If you start off with a very smart agent that reasons its way towards giving the correct answers during the SFT or RLHF process you’re doing, the cause of the right answers was the reasoning (and some random value you don’t know about), rather any internal circuitry having to do with kindness (or other alignment target). This will be strengthened, and your finetuning will do little to align the agent.

This is a curse but also a blessing, it means with a smart enough agent, even if there are errors in your alignment training examples, that won’t hurt the outcome very much.

Importantly, it also means, if you start out with an agent dumb enough that you can align it in this way, you could boost its general intelligence, for example by training it on math questions, without worrying that this process causes misalignment, because the reason it would try to answer your questions in the first place, would from the beginning be that it wanted to help you, and that would be strengthened from every sample.

Why This Might Fail

  1. If you give positive rewards to “tokens resulting from simulating kind character”, there had to be some circuitry telling the agent that “nice character” is the right role to play.
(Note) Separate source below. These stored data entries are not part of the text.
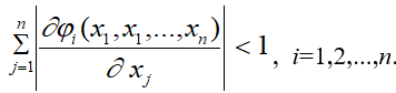 2) начальное xi(0), i=1,2,…n и все вычисляемые приближения к решению системы находятся в этой окрестности;
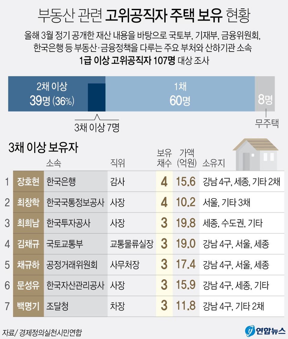 조사대상 107명 중 3주택 이상 보유자도 7명이나 되는 것으로 파악됐다. 장호현 한국은행 감사(4채), 최창학 당시 한국국토정보공사 사장(4채), 최희남 한국투자공사 사장(3채), 김채규 당시 국토교통부 교통물류실장(3채), 채규하 당시 공정거래위원회 사무처장(3채), 문성유 한국자산관리공사 사장(3채), 백명기 조달청 차장(3채) 등이 3채 이상 보유한 부동산 자산가다.
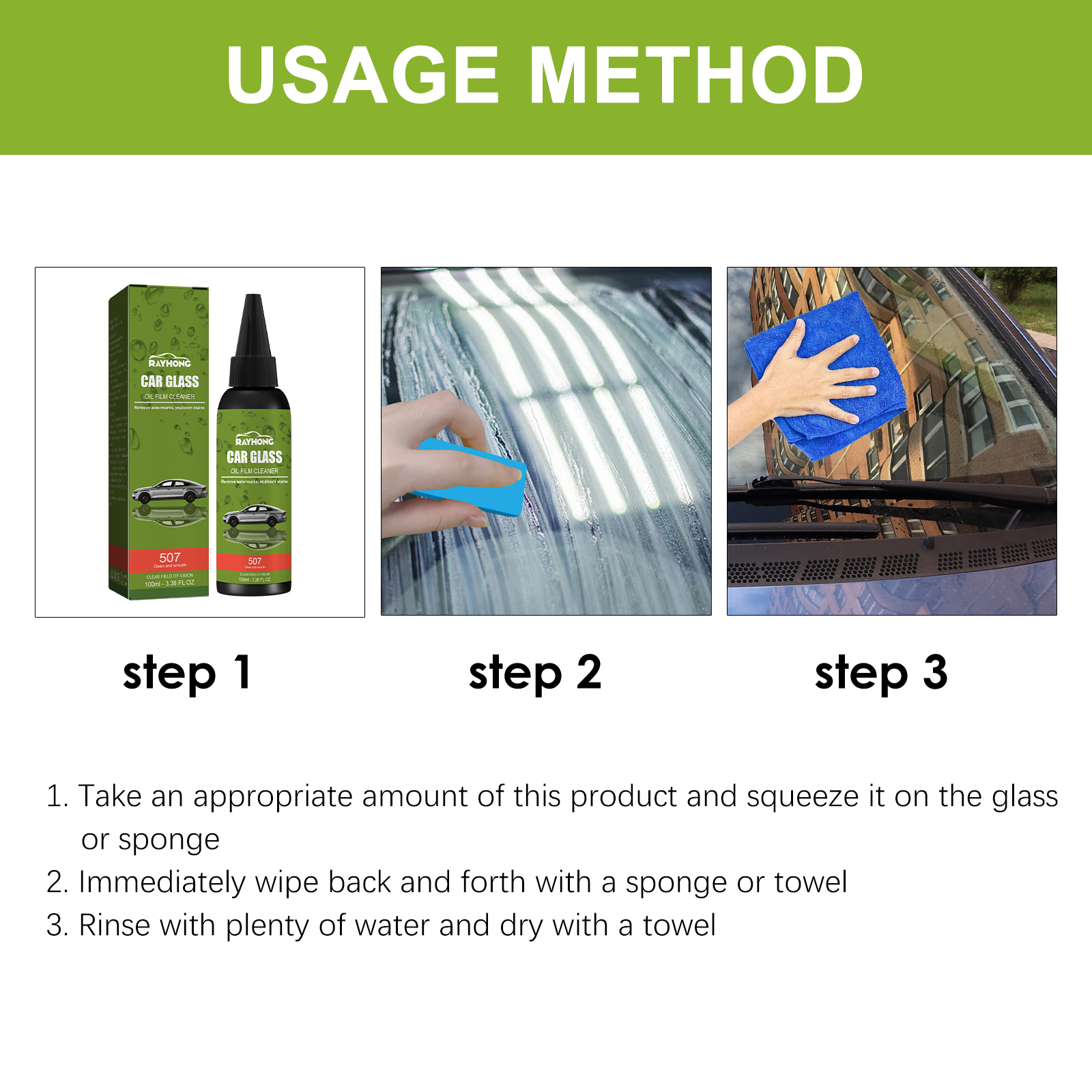Rayhong Car Glass Oil Film Cleaner, Windshield Maintenance To Remove Oil Rain And Fog Cleaning Agent
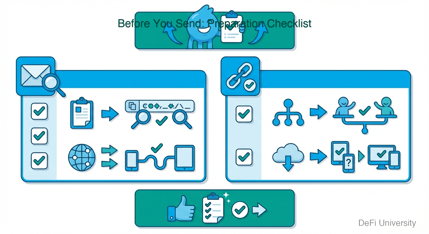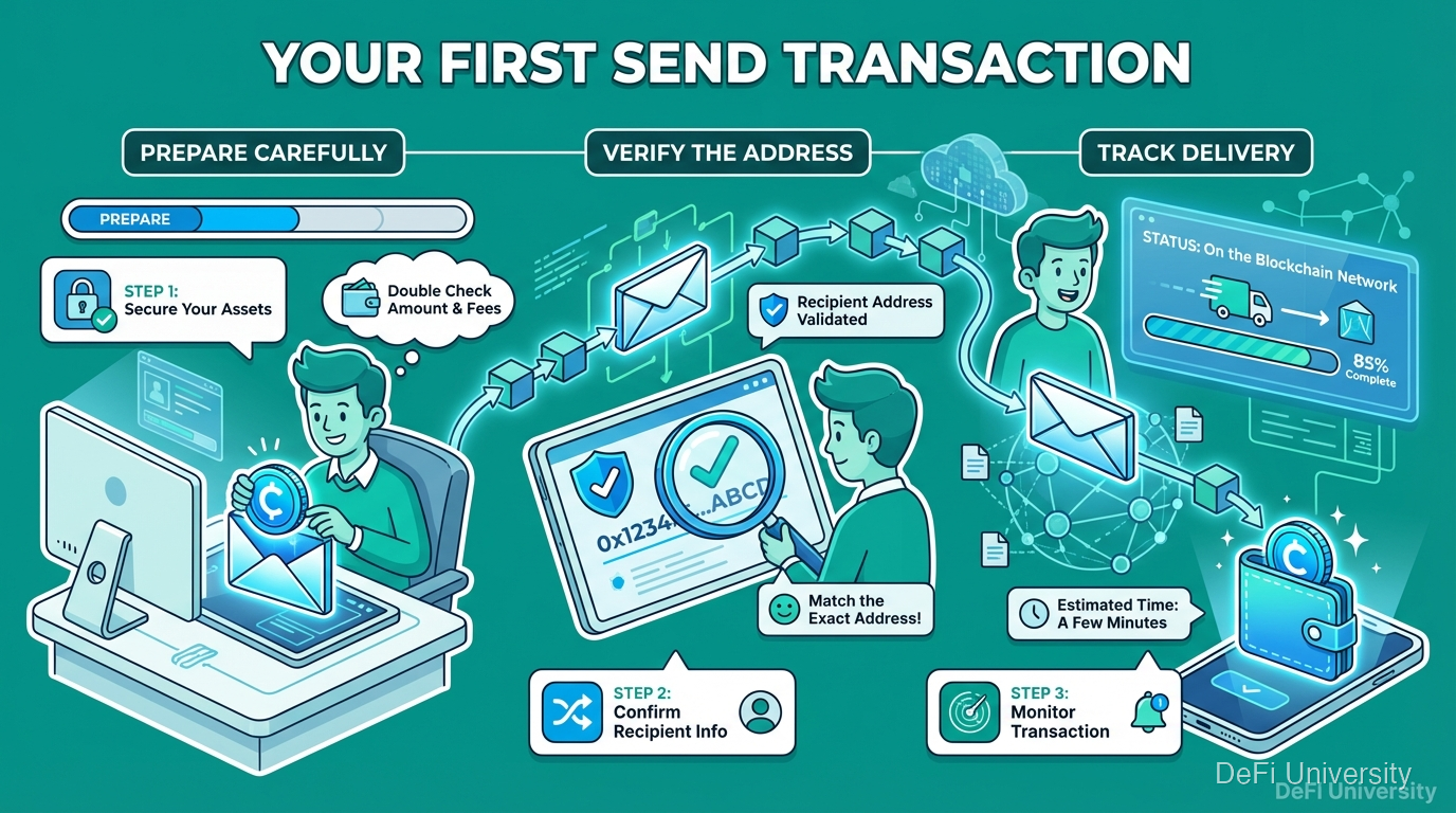 Core concept: Sending crypto is like mailing a valuable package—prepare carefully, verify the address, and track delivery.

Whats the consequence of this being “strengthened”. That circuitry is quite sophisticated in an LLM, but if we do the RL correctly it should learn to just output “nice character, nice character, nice character...”, provided its not independently intelligence enough to do alignment-faking-like reasoning, which it shouldn’t be.

  2. LLMs have an understanding of “kindness” in the sense that you can talk to them about it, but this verbalized notion of kindness might not be the same as their internal conception which powers simulations of nice characters. Tokenization might be hiding some alienness.
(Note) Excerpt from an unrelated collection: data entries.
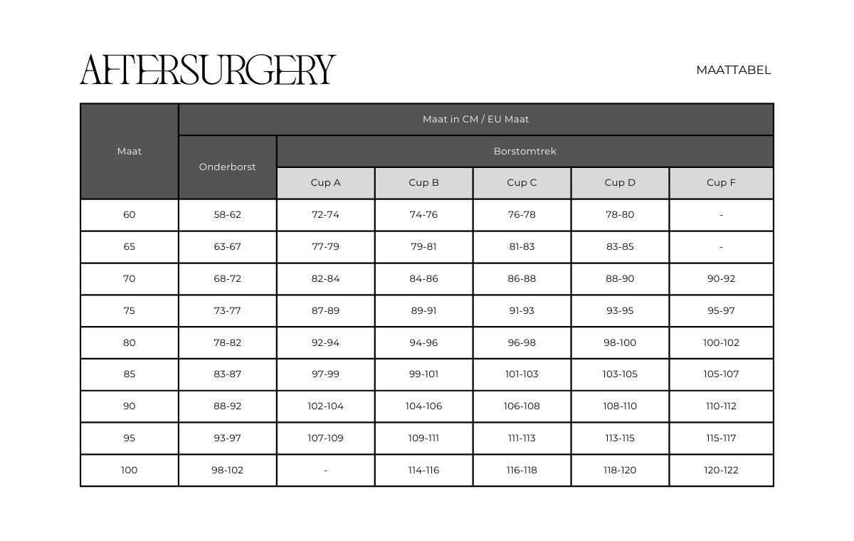 De B16 compressiebeha met cups is verkrijgbaar in de maten 30 AA/A t/m 50 D/E. In de maattabel kunt u aflezen welke maat het meest geschikt is voor uw omvang.
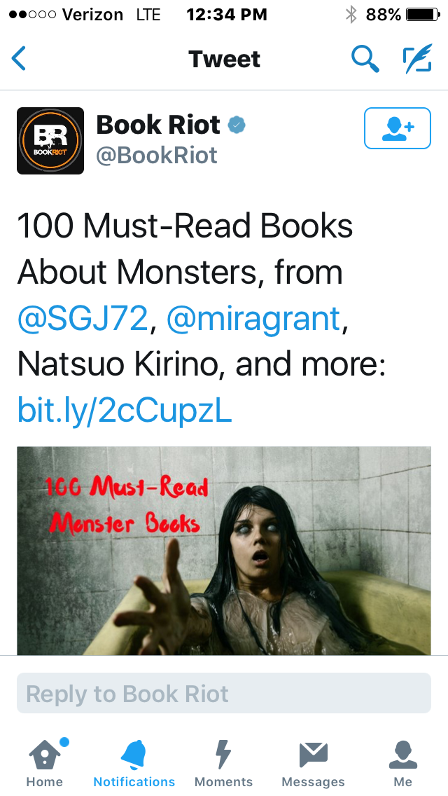 Such a cool list for the yellow book to have made. Also? There was actually a werewolf novel on here I HADN’T read (but now own—thank you, BookRiot).
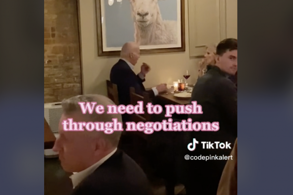CODEPINK se define como una "organización dirigida por mujeres que trabaja para poner fin a las guerras y el militarismo de Estado Unidos". La asociación ha publicado un vídeo en TikTok (@codepinkalert) en el que aparece el presidente estadounidense Joe Biden comiendo mientras algunos miembros de la organización, de pie y a pocos metros de él, le piden que ponga fin a la guerra.
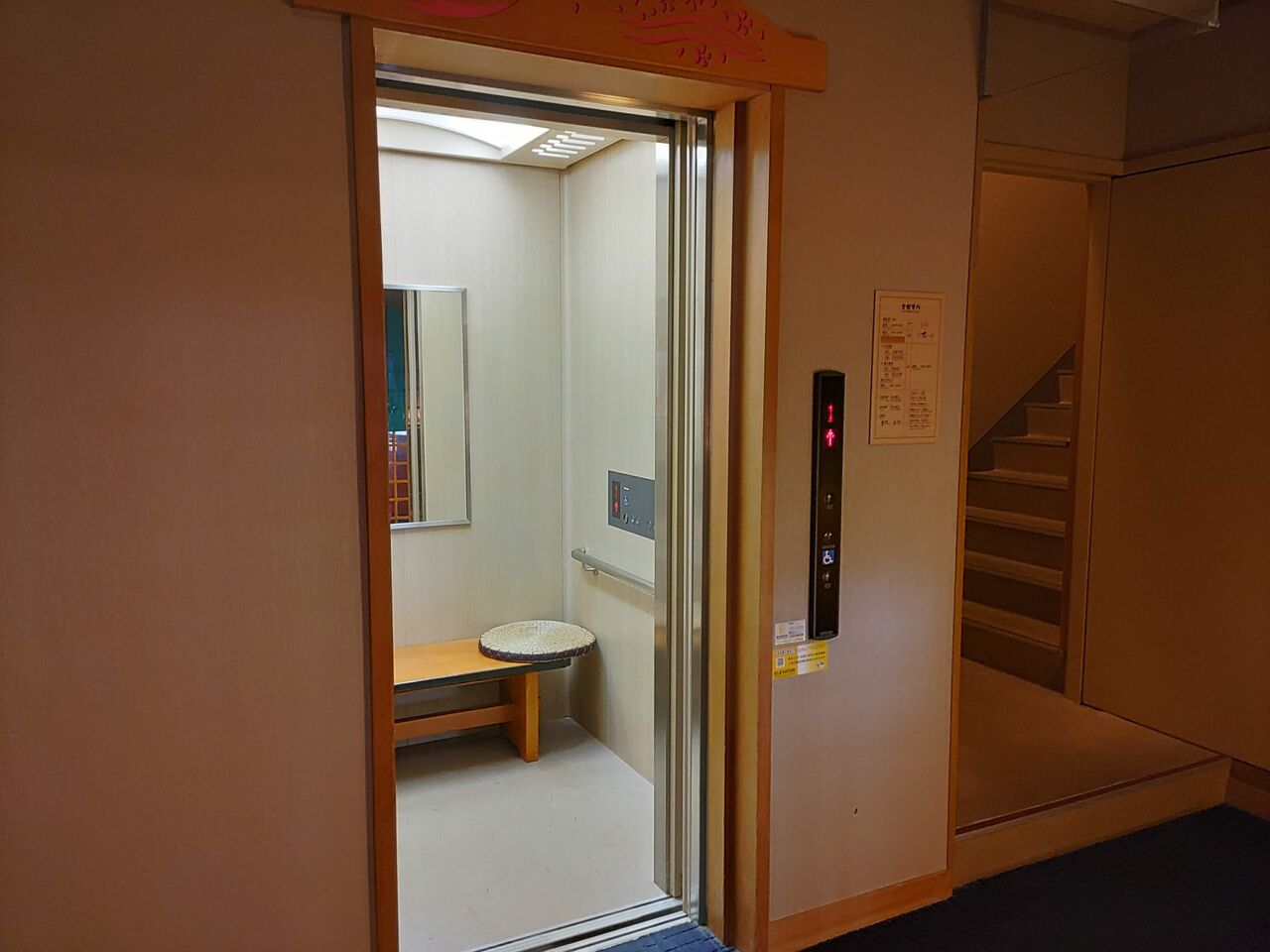 鍵を受け取り、自分でエレベーターに進みます。
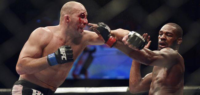 Вообще, конечно, безумие выходить против Джонса, имея в наличии только тяжёлую плюху. Это как бросаться на бронетранспортёр с дубинкой в руках. Джон, видя, что у бразильца ничего не получается, раздухарился и устроил тому бомбёжку у сетки: чередовал апперкоты в голову и корпус с ударами локтем. Выглядело потрясающее, и исполнено было на высочайшем уровне. Локти Джонса, как известно, острые как «бритва». По этой причине вряд ли кого-то удивило рассечение, появившееся над правым глазом его соперника.

  3. Even if they do have a robust internal conception like that (eg imagine there is a SAE feature inside the LLM which you can steer with and get exactly the results you want/​expect, and whose activation patterns perfectly match what you intuitively associate with kindness), very small differences in conceptualization can kill you for goodheart-reasons, if optimized by a sufficiently powerful agent.

    1. For this reason, I think anyone who tries to align an AI using the ideas described in this post should be aiming for corrigibility rather than value alignment.

  4. see final note

Final Note

To avoid making this post too long and technical I’ve ignored some important complicating elements. For example, LLMs don’t output tokens, they output probabilities over tokens. And the probability of any individual token isn’t the result of a single discrete unit inside the LLM, but the sum of many such sometimes-discrete-ish-sometimes-garbled-mess processes.

I’ve thought through some of these, and think the core idea has merit despite them, but some I’m still uncertain about, and there’s enough uncertainty that maybe the idea doesn’t work at all.

I’m still very interested in hearing what people think. Similar takes have been posted before, but I haven’t heard a single robust take-down.

Also, like I said, I’m aware some descriptions here are underspecified, please ask if something is unclear.